Work task: Give again, word for word, the lines below that run from the line with "В доме есть" through the line with "导航、基础辅助驾驶信息、功率表和转向灯信息,放到 12.3 英寸". Drop the pictures.

Records to process:
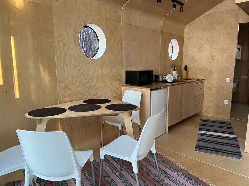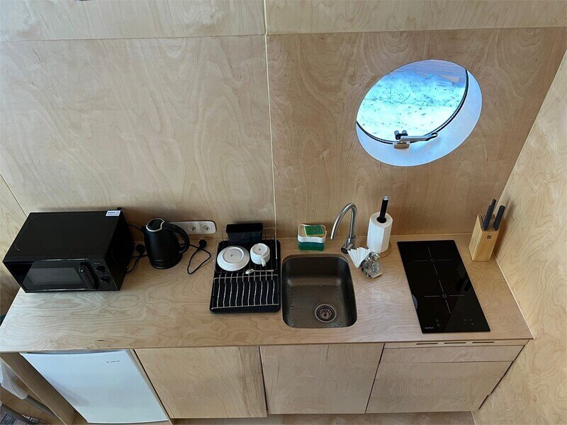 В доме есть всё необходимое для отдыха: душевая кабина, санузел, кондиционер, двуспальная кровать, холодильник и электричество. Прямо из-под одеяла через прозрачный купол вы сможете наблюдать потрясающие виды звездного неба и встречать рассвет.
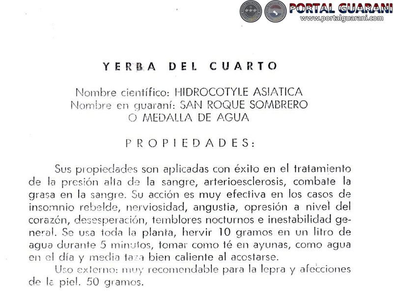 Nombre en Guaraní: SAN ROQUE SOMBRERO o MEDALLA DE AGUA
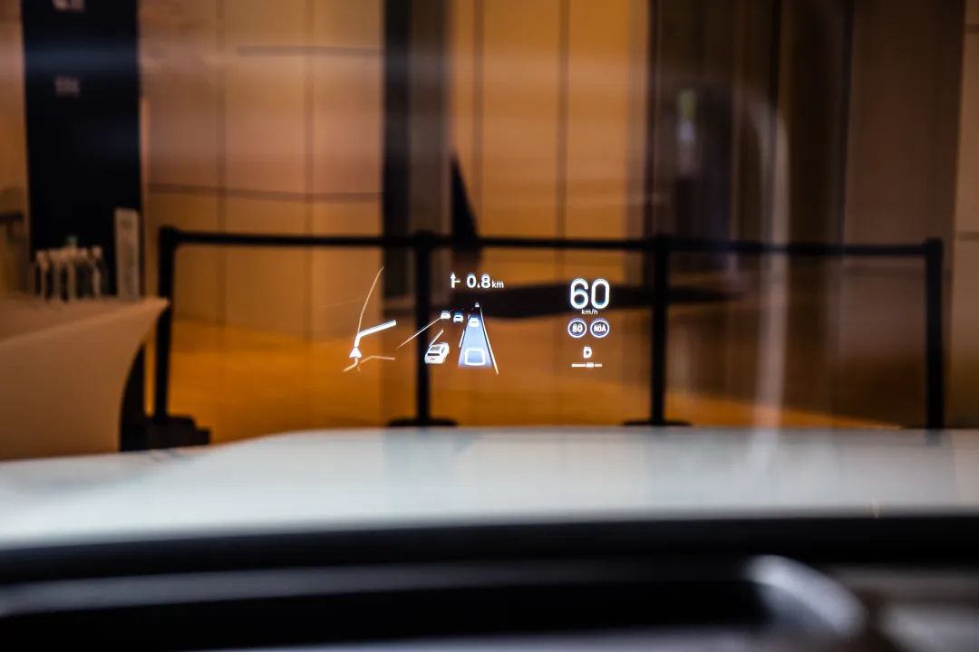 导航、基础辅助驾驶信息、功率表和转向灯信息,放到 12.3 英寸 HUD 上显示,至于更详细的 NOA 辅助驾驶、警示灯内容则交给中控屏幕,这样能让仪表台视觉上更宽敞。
* * *
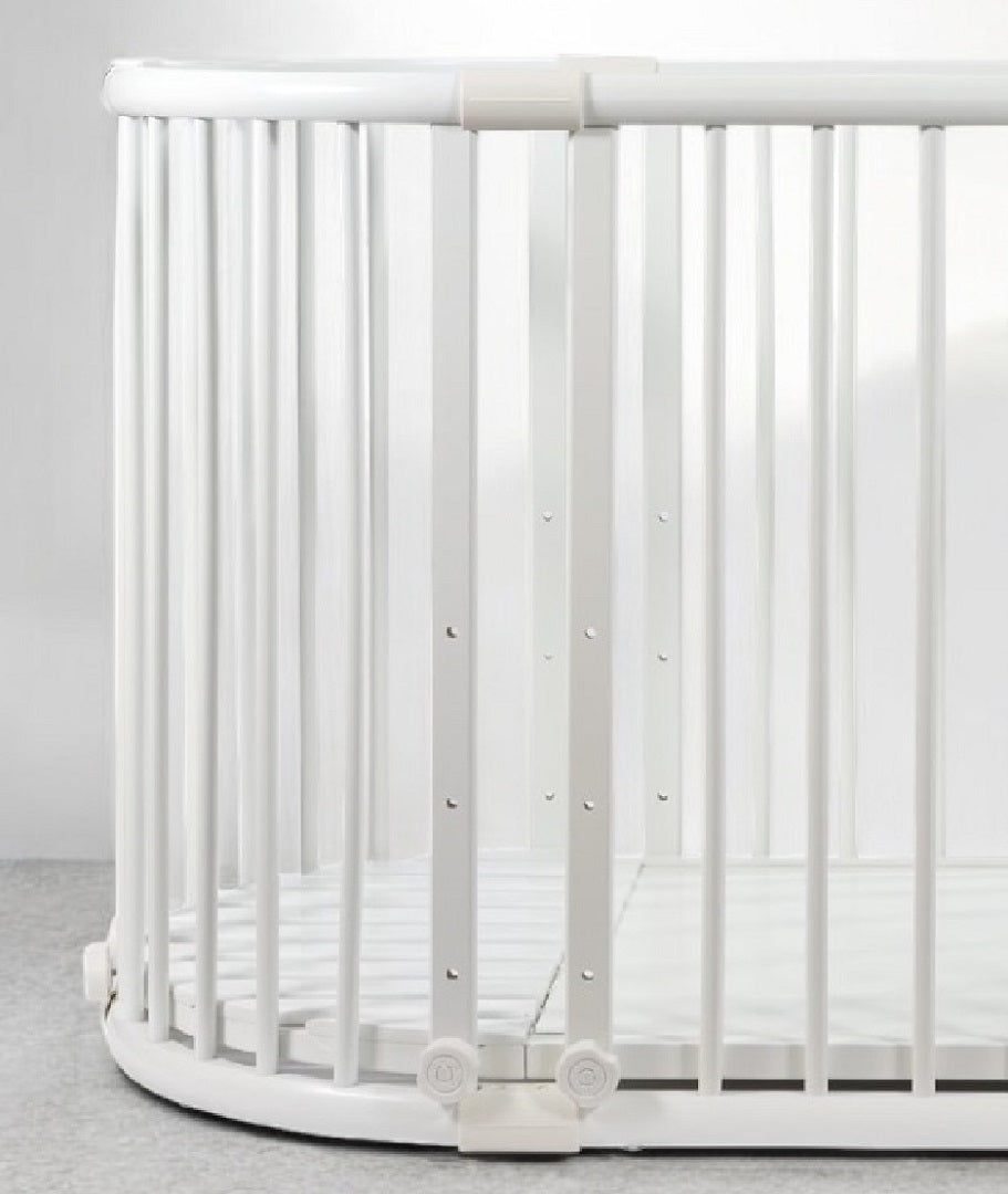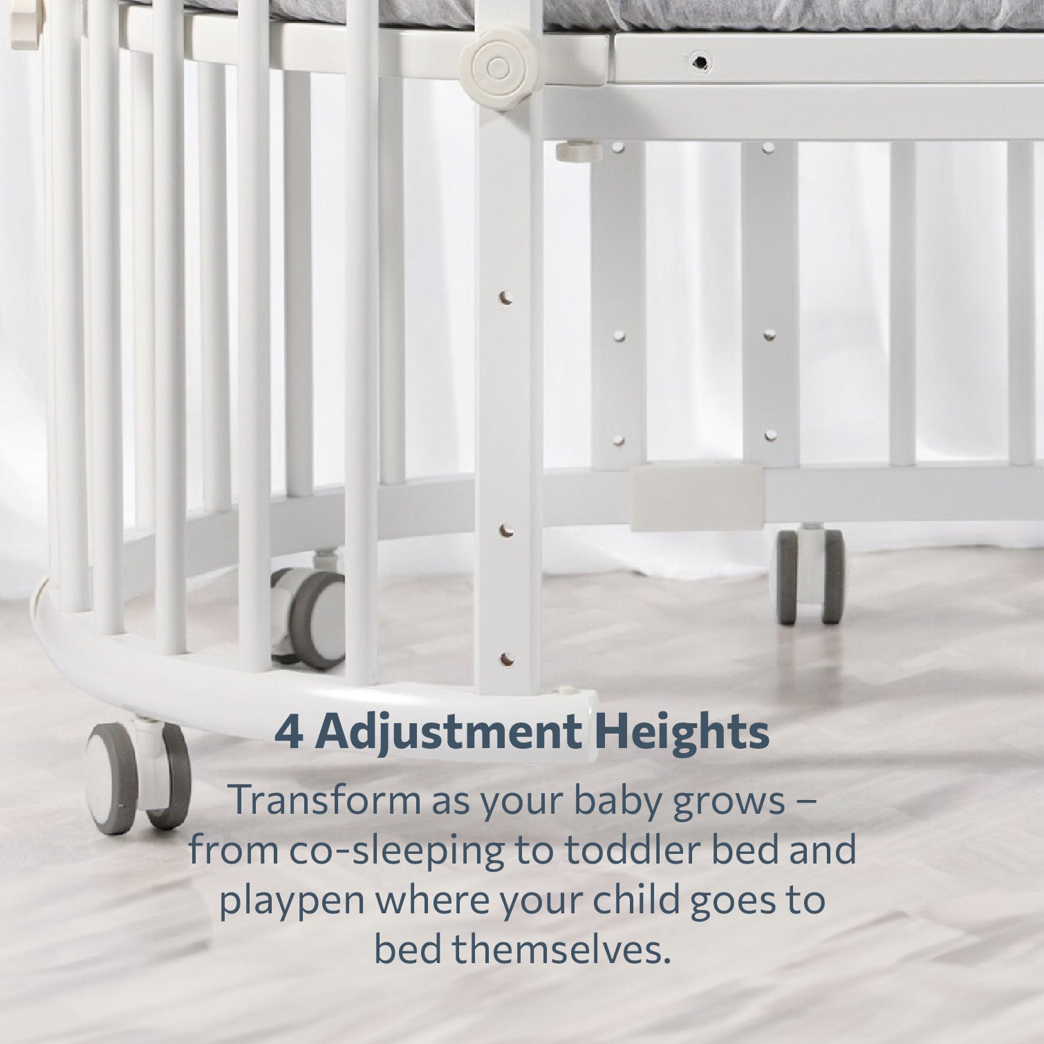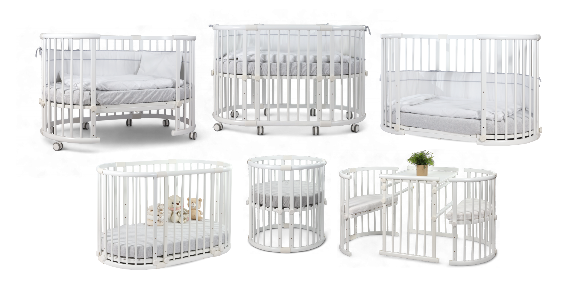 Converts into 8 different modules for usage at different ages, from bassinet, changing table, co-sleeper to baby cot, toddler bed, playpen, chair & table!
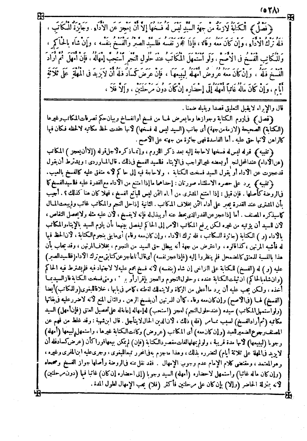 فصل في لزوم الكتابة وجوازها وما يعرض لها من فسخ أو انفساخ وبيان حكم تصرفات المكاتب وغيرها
---
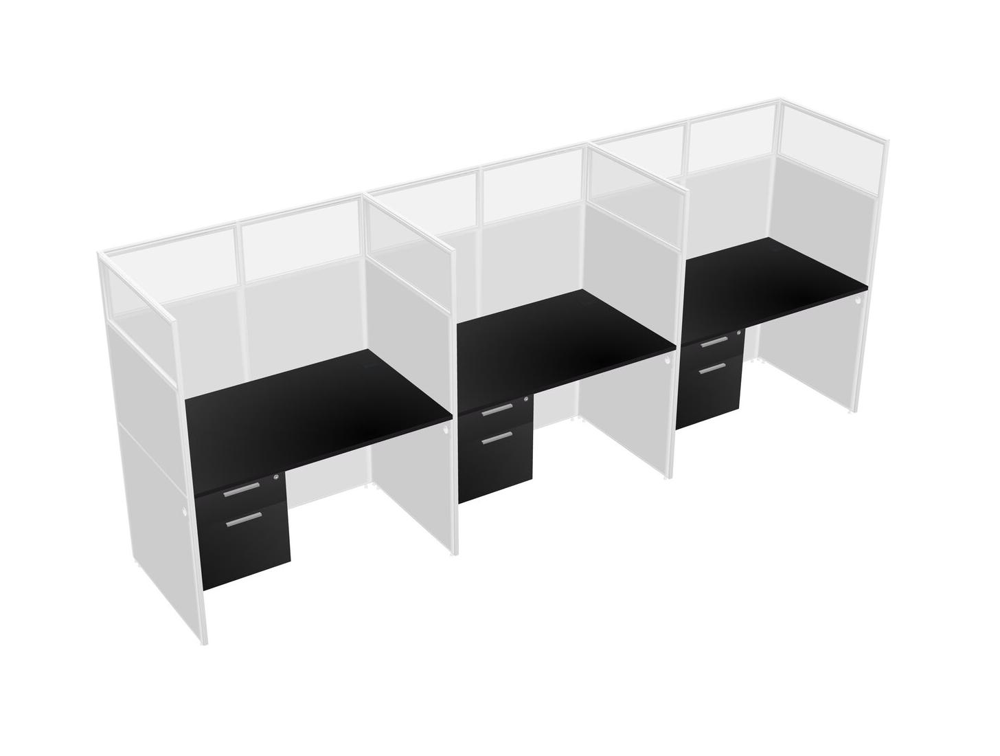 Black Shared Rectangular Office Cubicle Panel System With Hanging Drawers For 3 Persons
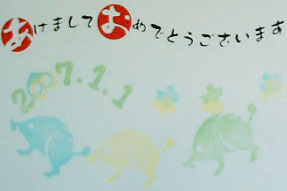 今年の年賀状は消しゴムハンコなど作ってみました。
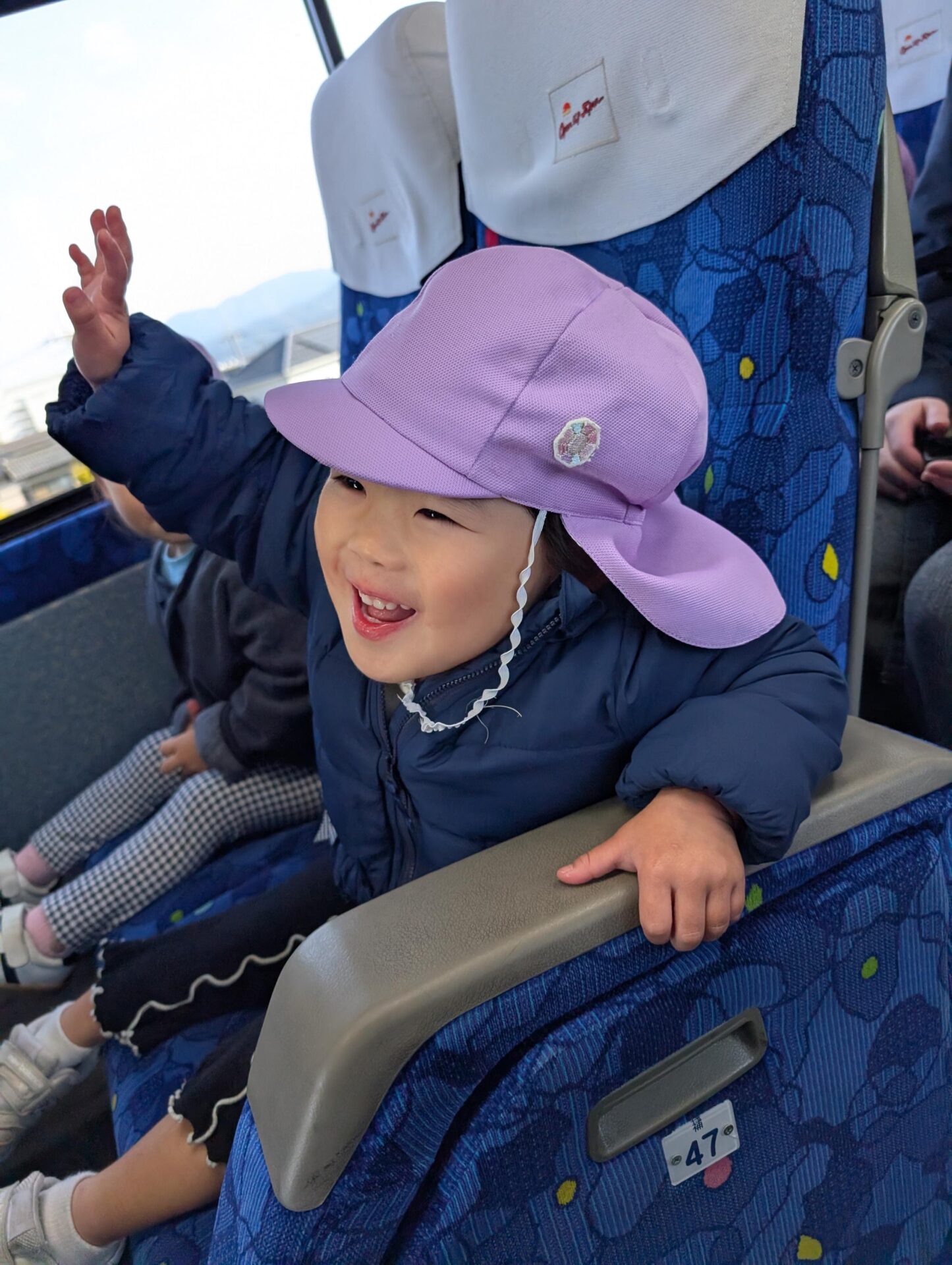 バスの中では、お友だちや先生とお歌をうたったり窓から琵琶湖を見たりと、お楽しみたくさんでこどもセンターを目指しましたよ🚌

Response:
 В доме есть всё необходимое для отдыха: душевая кабина, санузел, кондиционер, двуспальная кровать, холодильник и электричество. Прямо из-под одеяла через прозрачный купол вы сможете наблюдать потрясающие виды звездного неба и встречать рассвет.
 Nombre en Guaraní: SAN ROQUE SOMBRERO o MEDALLA DE AGUA
 导航、基础辅助驾驶信息、功率表和转向灯信息,放到 12.3 英寸 HUD 上显示,至于更详细的 NOA 辅助驾驶、警示灯内容则交给中控屏幕,这样能让仪表台视觉上更宽敞。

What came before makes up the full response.